Appeal from an order of the Supreme Court, Genesee County (Robert C. Noonan, A.J.), entered June 5, 2006 in a personal injury action. The order, insofar as appealed from, granted the motion of defendant Susan G. Reed for summary judgment dismissing the second amended complaint and cross claims against her and denied that part of plaintiffs cross motion for partial summary judgment against that defendant.
It is hereby ordered that the order so appealed from be and the same hereby is unanimously affirmed without costs.
Memorandum: Plaintiff commenced this action seeking damages for injuries sustained by C.W. (hereafter, child) when a vehicle operated by defendant Susan G. Reed was rear-ended by a vehicle operated by defendant Pamela J. (Maltese) Sivret, in which the child was a passenger. Contrary to plaintiffs contention, Supreme Court properly granted the motion of Reed for summary judgment dismissing the second amended complaint and all cross claims against her. It is well settled that “a rear-end collision with a stopped vehicle establishes a prima facie case of negligence on the part of the driver of the rear vehicle” (Pitchure v Kandefer Plumbing & Heating, 273 AD2d 790, 790 [2000]). Here, Reed met her initial burden on the motion by estabhshing that her stopped vehicle was rear-ended by Sivret’s vehicle. Sivret did not oppose Reed’s motion and, in opposing Reed’s motion, plaintiff failed to submit the requisite “non-negligent explanation for the collision” (Ruzycki v Baker, 301 AD2d 48, 49 [2002]). Indeed, Sivret testified at her deposition *1329that she was aware of the “stop and go” traffic and thus could have anticipated that Reed might be forced to stop suddenly. Sivret also admitted that, just before the collision, she had averted her attention from the road in order to look out the passenger window and that, when she returned her attention to the road, she was unable to avoid the collision with Reed’s vehicle (see generally Farrington v New York City Tr. Auth., 33 AD3d 332 [2006]). Thus, Sivret’s “failure to anticipate and react to the slow and cautious movement of [Reed’s] vehicle is not an adequate, nonnegligent explanation for the accident” (Ruzycki, 301 AD2d at 50 [internal quotation marks omitted]; see Newton v Perugini, 16 AD3d 1087, 1089 [2005]).

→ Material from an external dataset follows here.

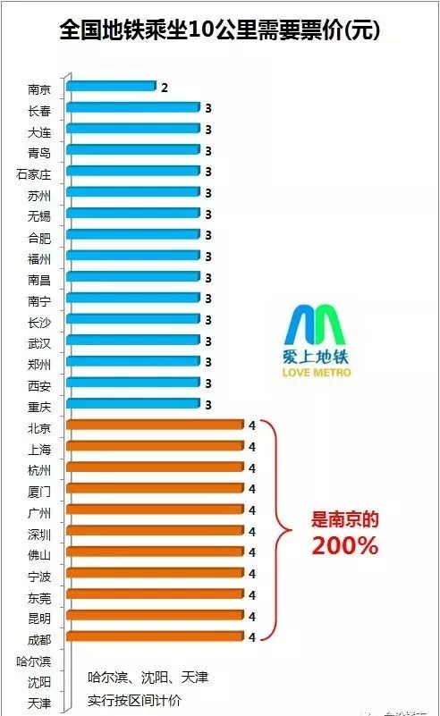 坐10公里,南京最便宜,只需要2元;成都等需要4元,是南京的200%。
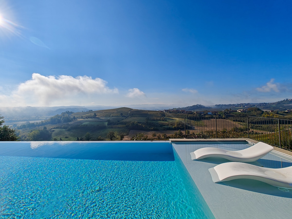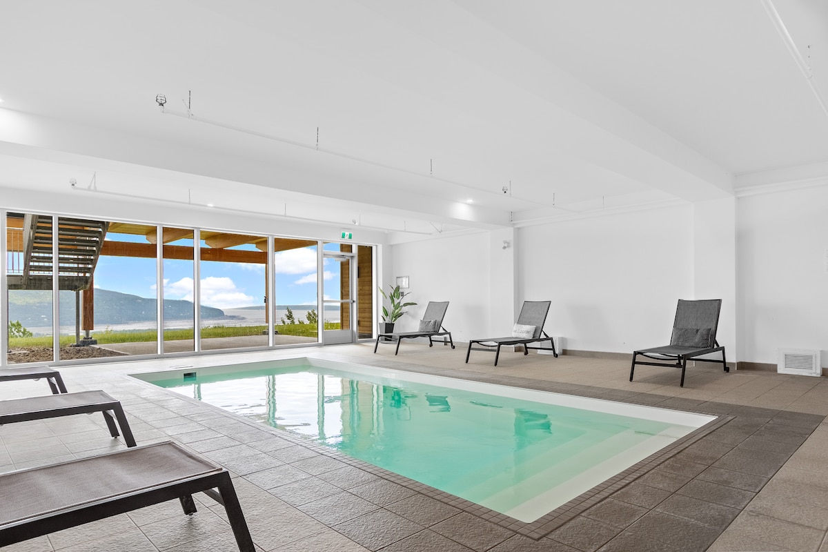 Teach fíonlainne le linn snámha agus radharc iontach

Finally, even assuming, arguendo, that plaintiff is correct that Reed’s brake lights malfunctioned, we nevertheless conclude under the circumstances of this case that the alleged malfunctioning brake lights “would not adequately rebut the inference of [Sivret’s] negligence” (Farrington, 33 AD3d at 332 [2006]; cf. Bender v Rodriguez, 302 AD2d 882, 883 [2003]). Present—Scudder, P.J., Martoche, Lunn, Peradotto and Green, JJ.